→ EXERCISE
The material below should be copied line for line, please, with pictures omitted.

[[ SOURCE MATERIAL open ]]

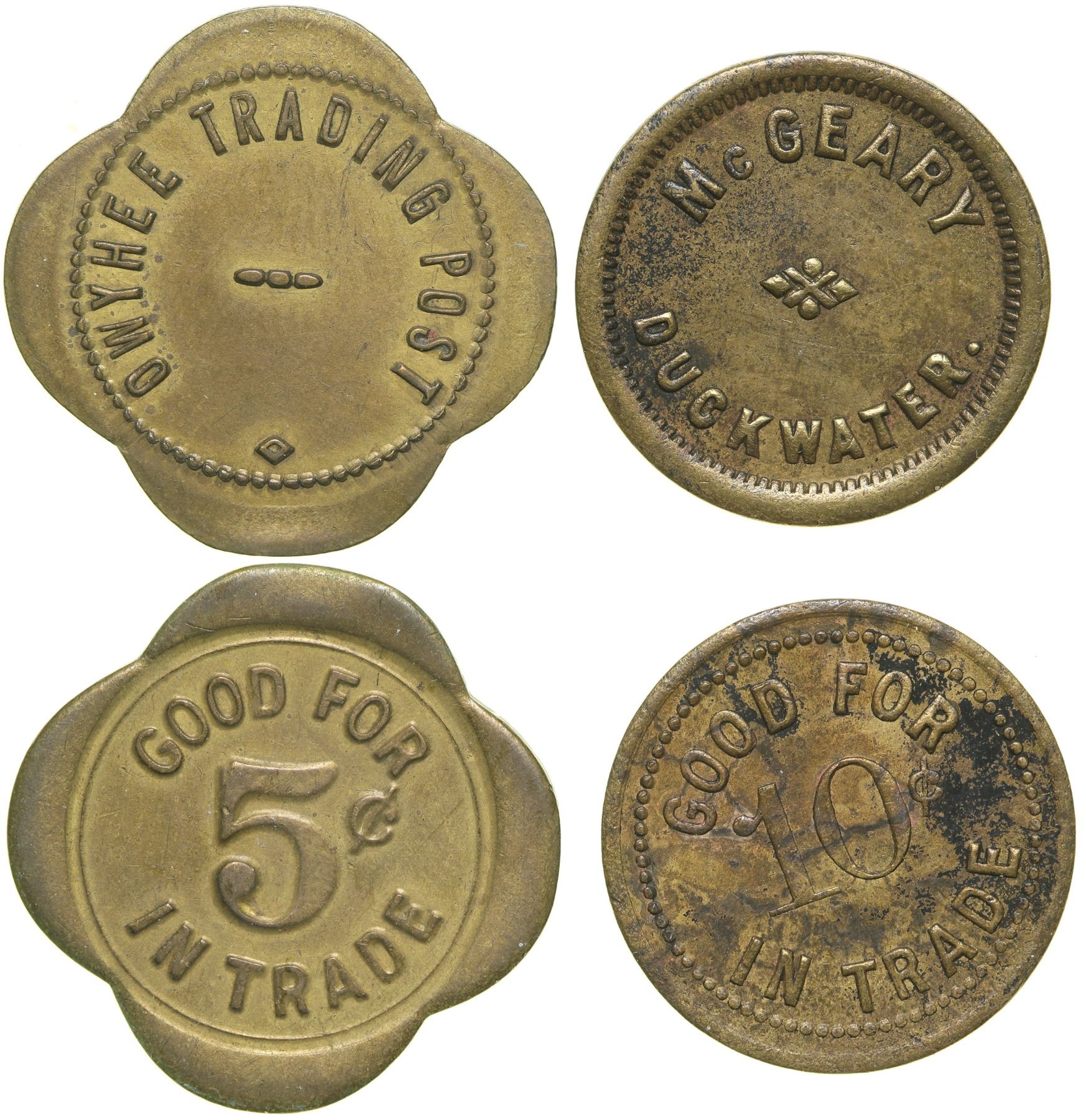 Lot of two: 1) M. Geary / Duckwater // Good For / 5c / In Trade; Br. rd., 21 mm. 2) Owyhee Trading Post // Good For / 5c / In Trade. Br., scalloped, 23 mm. Salvatore Falcone Collection.
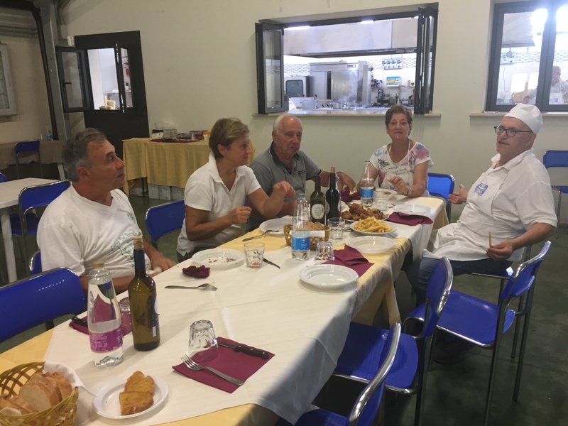 "Pranzo strepitoso con pane fritto, tagliatelle al cunigliolo divine, cunigliolo fritto eccezionale e patatine, il tutto cucinato stupendamente dai volontari del circolo. Davvero un gran pranzo che tutti gli anziani hanno gradito moltissimo! Dopo le migliaia di visitatori della Sagra , così anche gli anziani hanno avuto il loro momento per gustare queste delizie.
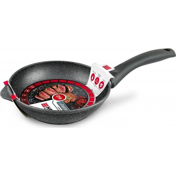 Корпус сковороды из литого алюминия не подвержен деформации (в отличие от штампованного) и гарантирует равномерный нагрев. Сковорода подходит для разогрева пищи, обжаривания овощной нарезки, приготовления легких и быстрых блюд (например, завтраков). Декоративный прилив может использоваться в качестве второй ручки. Благодаря качественному антипригарному покрытию позволяет избежать пригорания продуктов даже при готовке без масла. А значит, за ней просто ухаживать – легко моется обычными жидкими средствами для мытья посуды. Инновационная антипригарная система. Покрытие многослойное на водно-кремниевой основе, не содержит PFOA (перфтороктановую кислоту), безопасно для контакта с пищевыми продуктами. Тип покрытия Антипригарное Диаметр изделия 18 см Диаметр дна 15.3 см Особенности Можно использовать в посудомоечной машине, Индивидуальная маркировка Толщина дна 4 мм Толщина бортов 3 мм Материал Литой алюминий Плита Газовая, Электрическая, Стеклокерамическая Высота бортов 4.3 см Вес 0.52 кг
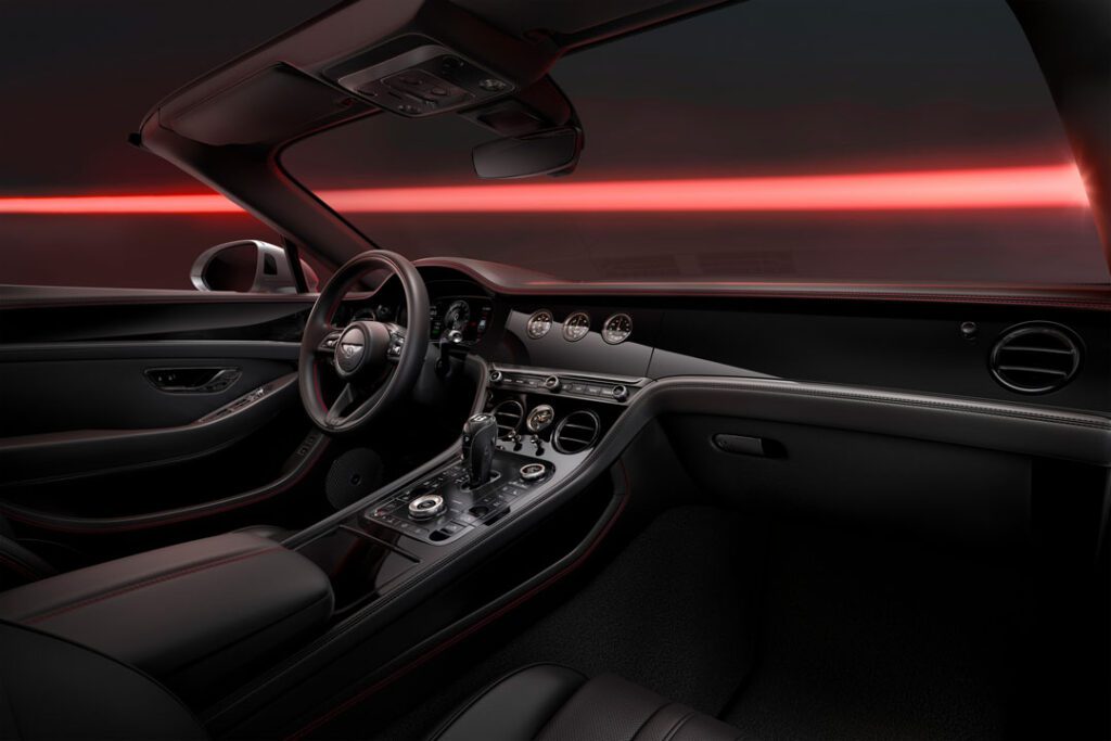 ภายในห้องโดยสารตกแต่งด้วยการปักตัวอักษร Black Edition บนพนักพิงศีรษะของเบาะโดยสารคู่หน้าในรุ่น Continental GT และพนักพิงศีรษะของเบาะโดยสารทั้ง 4 ที่นั่งในรุ่น Flying Spur นอกจากนี้ยังมีการตกแต่งด้วยไม้วีเนียร์แบบ Piano Black กาบบันได Black Edition และการเย็บแบบคอนทราสต์ตามความต้องการของผู้ครอบครอง พร้อมด้วยเบาะโดยสารแบบ Comfort ระบบไฟ Mood Lighting หลากสีภายในห้องโดยสาร จอแสดงผลแบบ Rotating Display และแป้นเหยียบคันเร่งแบบสปอร์ต

[[ SOURCE MATERIAL closed ]]

→ RESPONSE TO THE EXERCISE
 Lot of two: 1) M. Geary / Duckwater // Good For / 5c / In Trade; Br. rd., 21 mm. 2) Owyhee Trading Post // Good For / 5c / In Trade. Br., scalloped, 23 mm. Salvatore Falcone Collection.
 "Pranzo strepitoso con pane fritto, tagliatelle al cunigliolo divine, cunigliolo fritto eccezionale e patatine, il tutto cucinato stupendamente dai volontari del circolo. Davvero un gran pranzo che tutti gli anziani hanno gradito moltissimo! Dopo le migliaia di visitatori della Sagra , così anche gli anziani hanno avuto il loro momento per gustare queste delizie.
 Корпус сковороды из литого алюминия не подвержен деформации (в отличие от штампованного) и гарантирует равномерный нагрев. Сковорода подходит для разогрева пищи, обжаривания овощной нарезки, приготовления легких и быстрых блюд (например, завтраков). Декоративный прилив может использоваться в качестве второй ручки. Благодаря качественному антипригарному покрытию позволяет избежать пригорания продуктов даже при готовке без масла. А значит, за ней просто ухаживать – легко моется обычными жидкими средствами для мытья посуды. Инновационная антипригарная система. Покрытие многослойное на водно-кремниевой основе, не содержит PFOA (перфтороктановую кислоту), безопасно для контакта с пищевыми продуктами. Тип покрытия Антипригарное Диаметр изделия 18 см Диаметр дна 15.3 см Особенности Можно использовать в посудомоечной машине, Индивидуальная маркировка Толщина дна 4 мм Толщина бортов 3 мм Материал Литой алюминий Плита Газовая, Электрическая, Стеклокерамическая Высота бортов 4.3 см Вес 0.52 кг
 ภายในห้องโดยสารตกแต่งด้วยการปักตัวอักษร Black Edition บนพนักพิงศีรษะของเบาะโดยสารคู่หน้าในรุ่น Continental GT และพนักพิงศีรษะของเบาะโดยสารทั้ง 4 ที่นั่งในรุ่น Flying Spur นอกจากนี้ยังมีการตกแต่งด้วยไม้วีเนียร์แบบ Piano Black กาบบันได Black Edition และการเย็บแบบคอนทราสต์ตามความต้องการของผู้ครอบครอง พร้อมด้วยเบาะโดยสารแบบ Comfort ระบบไฟ Mood Lighting หลากสีภายในห้องโดยสาร จอแสดงผลแบบ Rotating Display และแป้นเหยียบคันเร่งแบบสปอร์ต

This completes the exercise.